WHAT YOU ARE ASKED TO DO — Retype exactly what appears below from the line containing "布藝單環(huán)扣禮盒臺歷-馬到成功" down to the line containing "紧接着,中国工程院院士周济老", keeping both end lines. Do not include pictures.

MATERIALS PROVIDED —
• • • •

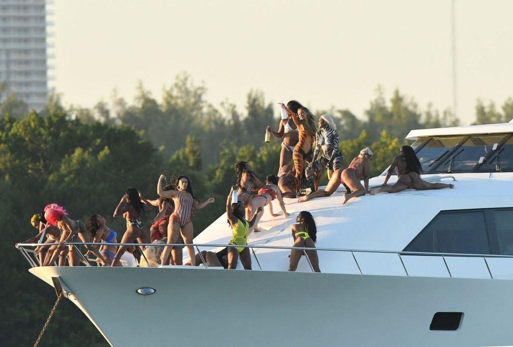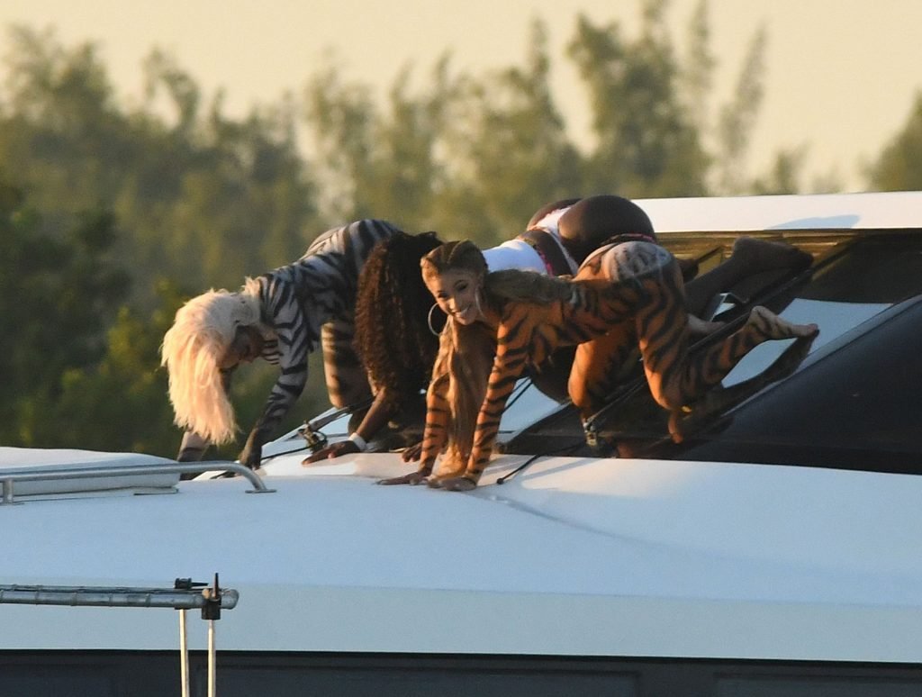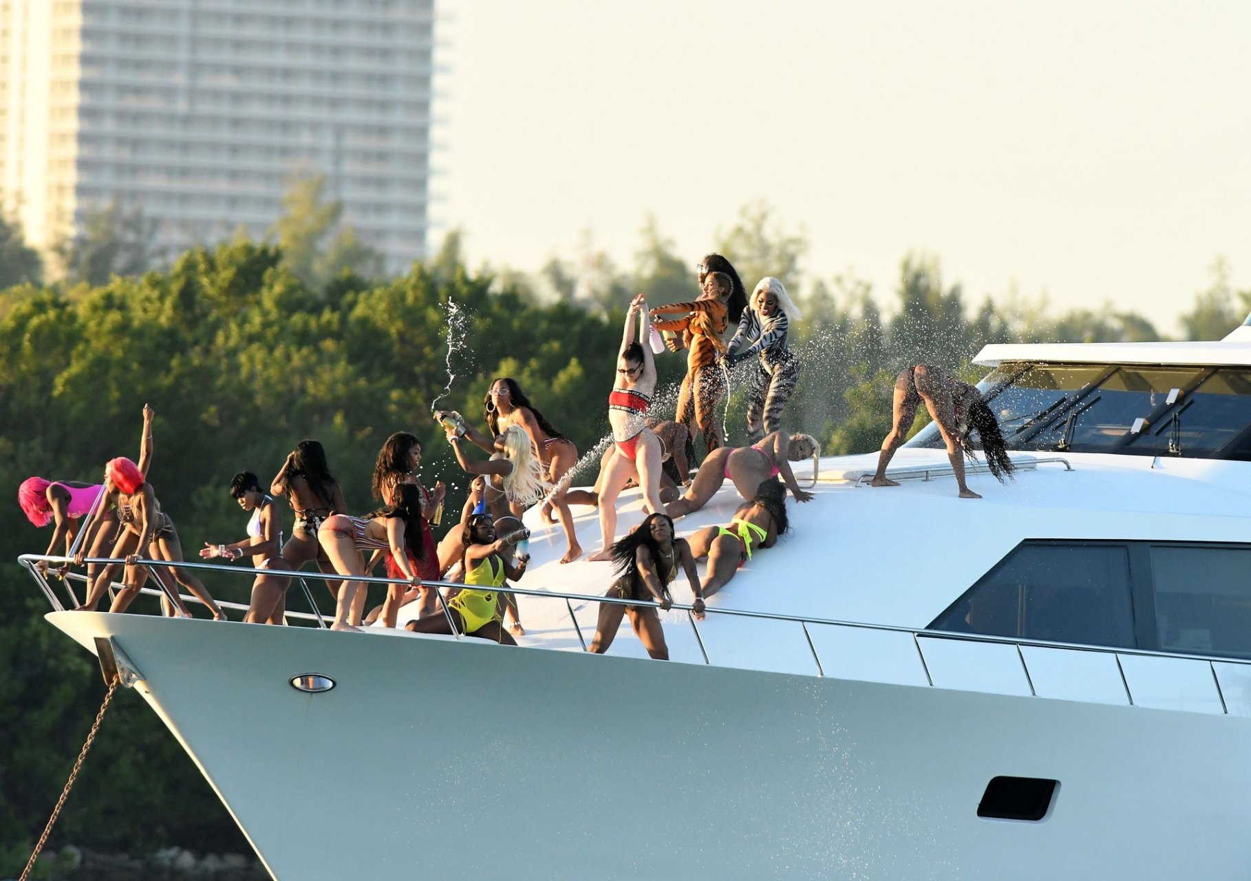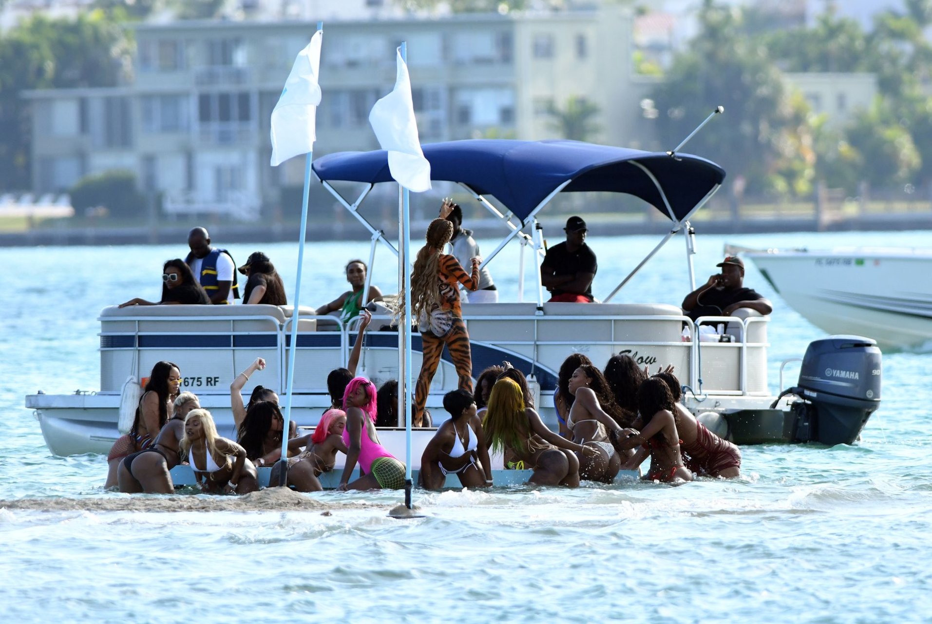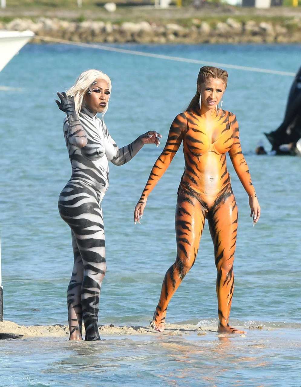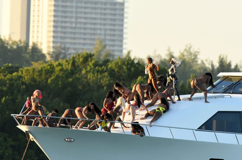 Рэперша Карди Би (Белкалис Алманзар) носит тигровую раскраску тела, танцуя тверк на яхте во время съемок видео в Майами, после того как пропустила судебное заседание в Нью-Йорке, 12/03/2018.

• • • •

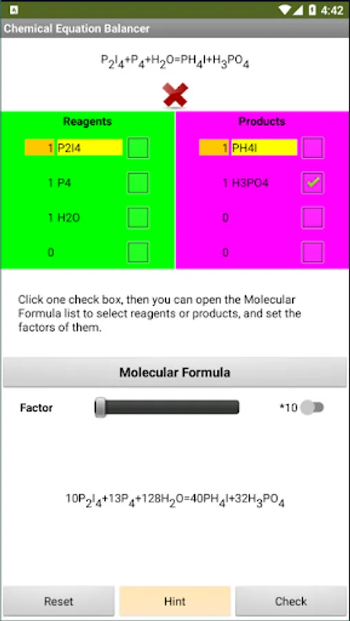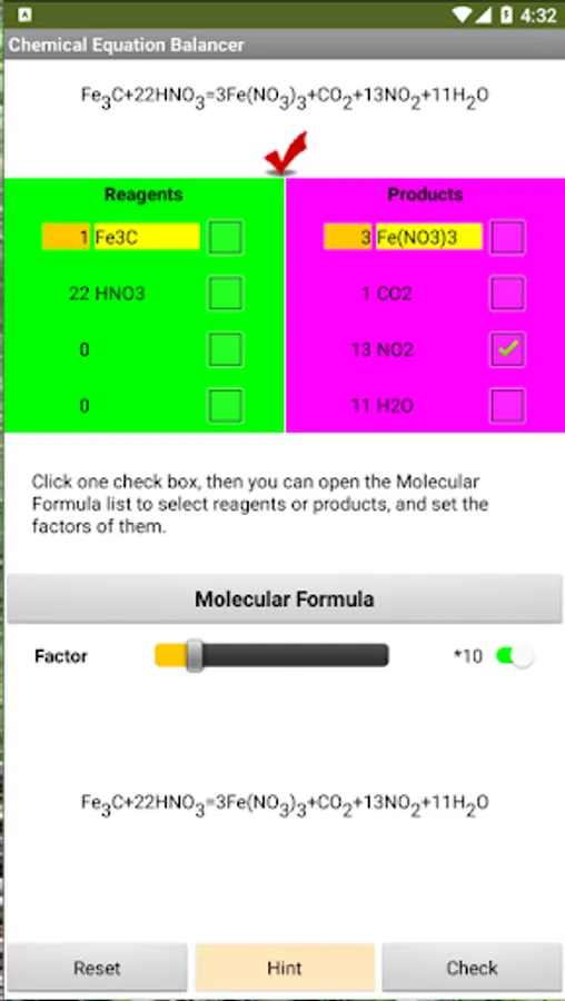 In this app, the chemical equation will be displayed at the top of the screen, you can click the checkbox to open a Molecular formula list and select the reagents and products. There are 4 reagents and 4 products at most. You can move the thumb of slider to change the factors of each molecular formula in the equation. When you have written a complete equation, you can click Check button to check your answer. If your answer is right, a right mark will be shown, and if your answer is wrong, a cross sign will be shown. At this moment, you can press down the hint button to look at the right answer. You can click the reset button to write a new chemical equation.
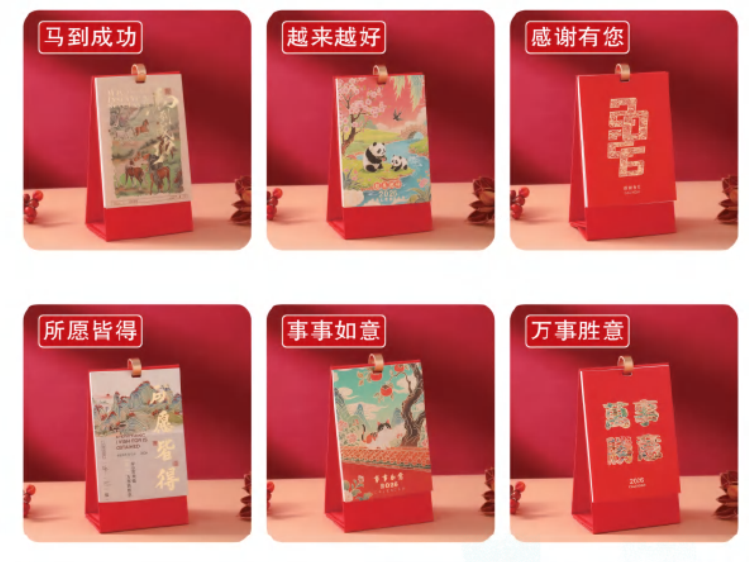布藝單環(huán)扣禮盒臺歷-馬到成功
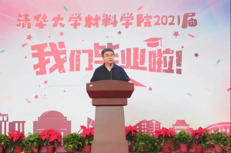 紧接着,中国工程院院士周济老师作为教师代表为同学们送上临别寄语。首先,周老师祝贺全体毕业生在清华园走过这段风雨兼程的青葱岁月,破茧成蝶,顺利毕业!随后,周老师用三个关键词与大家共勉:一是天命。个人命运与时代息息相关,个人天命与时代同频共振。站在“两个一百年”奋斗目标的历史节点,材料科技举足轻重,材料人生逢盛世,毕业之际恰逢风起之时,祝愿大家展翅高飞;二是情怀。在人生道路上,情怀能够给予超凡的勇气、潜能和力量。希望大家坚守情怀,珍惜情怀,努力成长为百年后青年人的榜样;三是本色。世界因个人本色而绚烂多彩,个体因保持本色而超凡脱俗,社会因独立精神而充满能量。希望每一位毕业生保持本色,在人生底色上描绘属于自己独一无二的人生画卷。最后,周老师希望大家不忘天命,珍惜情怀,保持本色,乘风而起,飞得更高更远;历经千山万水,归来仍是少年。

• • • •

WRITTEN SOLUTION —
布藝單環(huán)扣禮盒臺歷-馬到成功
 紧接着,中国工程院院士周济老师作为教师代表为同学们送上临别寄语。首先,周老师祝贺全体毕业生在清华园走过这段风雨兼程的青葱岁月,破茧成蝶,顺利毕业!随后,周老师用三个关键词与大家共勉:一是天命。个人命运与时代息息相关,个人天命与时代同频共振。站在“两个一百年”奋斗目标的历史节点,材料科技举足轻重,材料人生逢盛世,毕业之际恰逢风起之时,祝愿大家展翅高飞;二是情怀。在人生道路上,情怀能够给予超凡的勇气、潜能和力量。希望大家坚守情怀,珍惜情怀,努力成长为百年后青年人的榜样;三是本色。世界因个人本色而绚烂多彩,个体因保持本色而超凡脱俗,社会因独立精神而充满能量。希望每一位毕业生保持本色,在人生底色上描绘属于自己独一无二的人生画卷。最后,周老师希望大家不忘天命,珍惜情怀,保持本色,乘风而起,飞得更高更远;历经千山万水,归来仍是少年。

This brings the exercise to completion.